While people were capturing total lunar eclipse from earth, an European Space Agency astronaut named Alexander Gerst photographed the eclipse from space station.
He was nearly 250 miles above from earth while taking images of the moon eclipse. He shared a few pictures of lunar eclipse including others image that he snapped prior to the eclipse.
Astronauts on the space station see the moon many times per day because they orbit Earth about once every 90 minutes. It helps that their viewing platform is far above any clouds.
Gerst trained on Earth to use all the photo gear at the space station before he launched into orbit.
On July 27, 2018 — when the moon was eclipsed by Earth's shadow — Gerst was ready. The core of the planet's shadow, called the umbra, colored the moon red because of the way Earth's atmosphere refracts the sun's light.
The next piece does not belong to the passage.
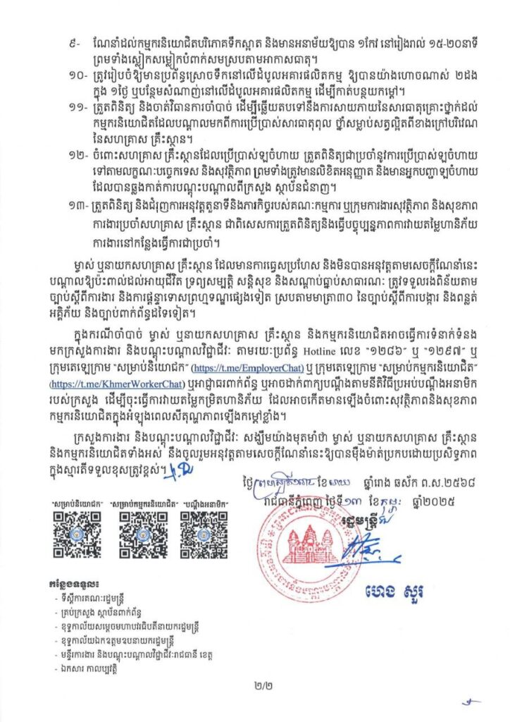 ក្រសួងការងារ និងបណ្តុះបណ្តាលវិជ្ជាជីវៈ សង្ឃឹមយ៉ាងមុតមាំថា ម្ចាស់ ឬនាយកសហគ្រាស គ្រឹះស្ថាន និងកម្មករនិយោជិតទាំងអស់ នឹងចូលរួមអនុវត្តតាមសេចក្តីណែនាំនេះឱ្យបានម៉ឺងម៉ាត់ប្រកបដោយប្រសិទ្ធភាព ក្នុងស្មារតីទទួលខុសត្រូវខ្ពស់៕

The moon was in totality (fully shadowed by the umbra) for nearly an hour and 43 minutes. Views during the partial eclipse, when the moon is in Earth's outer shadow, or penumbra, were equally haunting.
Gerst managed to snap a handful of pictures before the blood moon wrapped up. "Caught the moon leaving Earth's core shadow, just before setting over the South Atlantic," Gerst said of this photo. "Last photo of the lunar eclipse taken from ISS."
When he's not shooting a lunar eclipse, the German astronaut likes to photograph long shadows cast by cloud formations below him.